Jack Butler of Hillsdale College reports on the latest campus craze, combining the traditions of “feel good” activism and a college favorite:
The dark side of chocolate is a social justice cause de jour at many universities across the nation.
They’ve devoted informational websites, guest lectures, public relations campaigns, and entire courses to highlight chocolate’s bittersweet origins, promising to generate outrage against Big Chocolate and ruin the M&M experience for college kids forever.
Oft-cited statistics note that child labor runs rampant in West Africa, where roughly 70 percent of the world’s cocoa is grown. And the three big American companies that buy the allegedly ill-gotten cocoa – Mars, Hershey’s and Nestle – become the villains.

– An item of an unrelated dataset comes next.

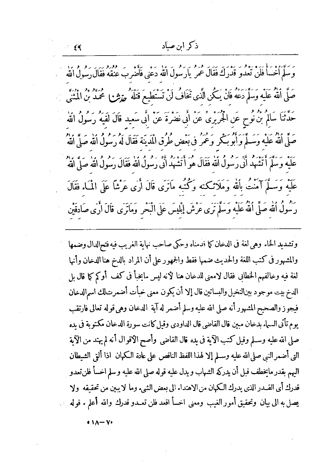 وَتَشْدِيدِ الْخَاءِ وَهِيَ لُغَةٌ فِي الدُّخَانِ كَمَا قَدَّمْنَاهُ وَحَكَى صَاحِبُ نِهَايَةِ الْغَرِيبِ فِيهِ فَتْحَ الدَّالِ وَضَمَّهَا وَالْمَشْهُورُ فِي كُتُبِ اللُّغَةِ وَالْحَدِيثِ ضَمُّهَا فَقَطْ وَالْجُمْهُورُ عَلَى أَنَّ الْمُرَادَ بِالدُّخِّ هُنَا الدُّخَانُ وَأَنَّهَا لُغَةٌ فِيهِ وَخَالَفَهُمُ الْخَطَّابِيُّ فقال لامعنى لِلدُّخَانِ هُنَا لِأَنَّهُ لَيْسَ مَا يُخَبَّأُ فِي كف أوكم كَمَا قَالَ بَلِ الدُّخُّ بَيْتٌ مَوْجُودٌ بَيْنَ النَّخِيلِ وَالْبَسَاتِينِ قَالَ إِلَّا أَنْ يَكُونَ مَعْنَى خَبَّأْتُ أَضْمَرْتُ لَكَ اسْمَ الدُّخَانِ فَيَجُوزُ وَالصَّحِيحُ الْمَشْهُورُ أَنَّهُ صَلَّى اللَّهُ عَلَيْهِ وَسَلَّمَ أَضْمَرَ لَهُ آيَةَ الدُّخَانِ وَهِيَ قَوْلُهُ تَعَالَى فَارْتَقِبْ يوم تأتى السماء بدخان مبين قَالَ الْقَاضِي قَالَ الدَّاوُدِيُّ وَقِيلَ كَانَتْ سُورَةُ الدُّخَانِ مَكْتُوبَةً فِي يَدِهِ صَلَّى اللَّهُ عَلَيْهِ وَسَلَّمَ وَقِيلَ كَتَبَ الْآيَةَ فِي يَدِهِ قَالَ الْقَاضِي وَأَصَحُّ الْأَقْوَالِ أَنَّهُ لَمْ يَهْتَدِ مِنَ الْآيَةِ الَّتِي أَضْمَرَ النَّبِيُّ صَلَّى اللَّهُ عَلَيْهِ وَسَلَّمَ إِلَّا لِهَذَا اللَّفْظِ النَّاقِصِ عَلَى عَادَةِ الْكُهَّانِ إِذَا أَلْقَى الشَّيْطَانُ إِلَيْهِمْ بِقَدْرِ مَا يَخْطَفُ قَبْلَ أَنْ يُدْرِكَهُ الشِّهَابُ وَيَدُلُّ عَلَيْهِ قَوْلُهُ صَلَّى اللَّهُ عَلَيْهِ وَسَلَّمَ اخْسَأْ فَلَنْ تَعْدُوَ قَدْرَكَ أَيِ الْقَدْرَ الَّذِي يُدْرِكُ الْكُهَّانُ من الاهتداء إلى بعض الشيء وما لايبين مِنْ تَحْقِيقِهِ وَلَا يَصِلُ بِهِ إِلَى بَيَانِ وَتَحْقِيقِ أُمُورِ الْغَيْبِ وَمَعْنَى اخْسَأْ اقْعُدْ فَلَنْ تَعْدُوَ قَدْرَكَ وَاللَّهُ أَعْلَمُ قَوْلُهُ

“Is my chocolate slave-free?” asks a UC San Diego “Stop Chocolate Slavery” website, which notes under its “take action” page that “if you are angered, shocked, sickened … by the use of slave labor to make a luxury product for the world’s rich, then say so. … Tell the chocolate companies that exploit the slavery, and the feckless legislators who have thus far let them get away with it … that you won’t be buying their products or giving them your votes until they’ve changed their ways.”
An October 2012 event at Georgetown University dubbed “Chocolate & Environmental and Social Justice Issues” delved into the perceived evils of Big Chocolate.
A Santa Clara University “Truth About Chocolate” website argues that the three biggest chocolate manufacturers in America should be held accountable for child labor in West Africa.
Critics also often dismiss Big Chocolate’s efforts to address child labor issues as largely half-hearted, ineffective, and lip service, among other complaints.
But a 2012 Fair Labor Association report on Nestle’s West Africa dealings found the company is “well positioned to make a large, positive impact on the livelihoods of workers in the cocoa supply chain.”
Hershey’s recently introduced a line of so-called fair-traded chocolate, and also launched an outreach and educational program in West Africa to teach farmers best practices and child labor laws.
In 2011, Mars Chocolate partnered with Fairtrade International and announced a commitment to use only certified cocoa by 2020 and to “invest heavily in (West Africa) and other major cocoa producing countries over the next decade to provide hundreds of thousands of farmers with the tools, material and training necessary to dramatically increase yield and, by extension, farmer income.”
Butler also reports that Harvard will soon offer a course that will be a contender for an upcoming “Worthless” list: “Chocolate, Culture, and the Politics of Food.”